What with all the mopping up of the mess which is being made within the company at present.

citizen_kane
10/4/2019
16:02
£40k of stock in an entire day can move the price of the company 5% for a market cap close to £50 million. Some blue chips I've got I sell that amount in one click in seconds at the quoted price. That's the AIM market totally illiquid, the sales have been small relative to it's cap moving the stock from 80p to 40p
creditcrunchies
10/4/2019
15:54
The tone is following the share price which has got a liquidity problem small sales triggering large declines
creditcrunchies
10/4/2019
13:36
I remember Jarvis well Diku, but don't see any similarities with Van Elle. The excessively downbeat tone on this board is interesting to me, although I'm just watching Van Elle at the moment and haven't bought any yet.

It reminds me much more of the posts about Laing after their fall from grace years ago, where posters were calling for the head of Sir Martin Laing. Laing shares (LNGO) recovered well in the following couple of years.

muckshifter
10/4/2019
12:31
The spread on this stock is huge you make a -10% loss as soon as you buy them, certainly keeps buyers away a bit of a dogs dinner. Another AIM dog candidate
creditcrunchies
10/4/2019
09:39
Most sold between 85 and 95p
twinks1
10/4/2019
08:13
Brings back memories of Jarvis...anybody remember?...
diku
10/4/2019
08:13
if they did well it was overvalued so now we're seeing it getting towards its market value of say mid 30s possibly
creditcrunchies
10/4/2019
08:09
Although lots of them did ok from the IPO but most of them have already sold their shares..
twinks1
10/4/2019
07:37
you just see a drip drip of small sell orders every day with the share price plunging from 70p to 40p over that period
creditcrunchies
10/4/2019
06:38
Yes twinks I see what you mean. I think they have a director of cleaners :)
Director in name only a lot of them.
In the old days I think it was a thing that Ellis did, give them a fancy title and then not pay them as much.

jwball
10/4/2019
01:01
This is a valid question then:
Is Van Elle Holdings plc (LON:VANL) A Smart Pick For Income Investors?

creditcrunchies
09/4/2019
18:41
Which one?
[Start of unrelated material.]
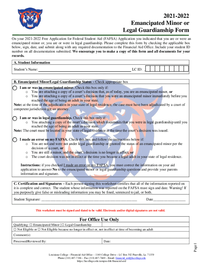 Clear Form20212022 Emancipated Minor or Legal Guardianship Form On your 20212022 Free Application for Federal Student Aid (FAFSA) Application you indicated that you are or were an emancipated minor
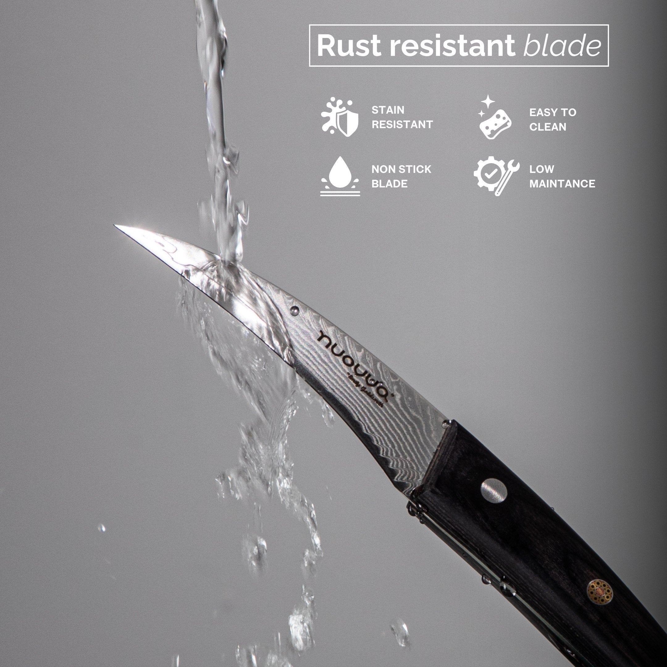 Upgrade your kitchen with the 7" Paring Knife by Nuovva. Made from 67-layer Japanese Damascus steel with a rosewood handle, it offers precision, durability, and elegant control for detailed prep.

A fake paper one or a proper one? Literally every man in a managerial position is called a director!
twinks1
09/4/2019
15:04
Another Director ‘left’ the company this week with more to follow before the end of year results.
citizen_kane
09/4/2019
07:54
this stock is dive bombing a classic penny share now, potential for recovery though but hard to gauge when it just collapses like this.
creditcrunchies
08/4/2019
10:51
Citizen Kane thats correct, they said no to JF returning.
Currently they are renting their offices out on Summit Close and the VE staff are in portacabins...read into that what you will. The current CEO took a massive pay increase and the company has nose dived. Most people with industry expertise have jumped ship, the few that remain have no corporate background at all.

twinks1
08/4/2019
07:50
Ellis was pushed, JF left for family matters, handed in his notice, changed his mind and wanted back in. Was swiftly told ‘No’.

Is my understanding.

I bet they wish they had accepted JF’s offer of return now.

citizen_kane
05/4/2019
08:14
Exactly, why leave so soon after IPO if everything was rosy?
jwball
04/4/2019
17:47
Then Ellis/Fenton left the company after IPO.
blueliner
04/4/2019
14:32
I didn't say it was recent but it gives you an idea of the background of the company, including a Chairman who can't remember what the award they won was for, who also only wanted more money.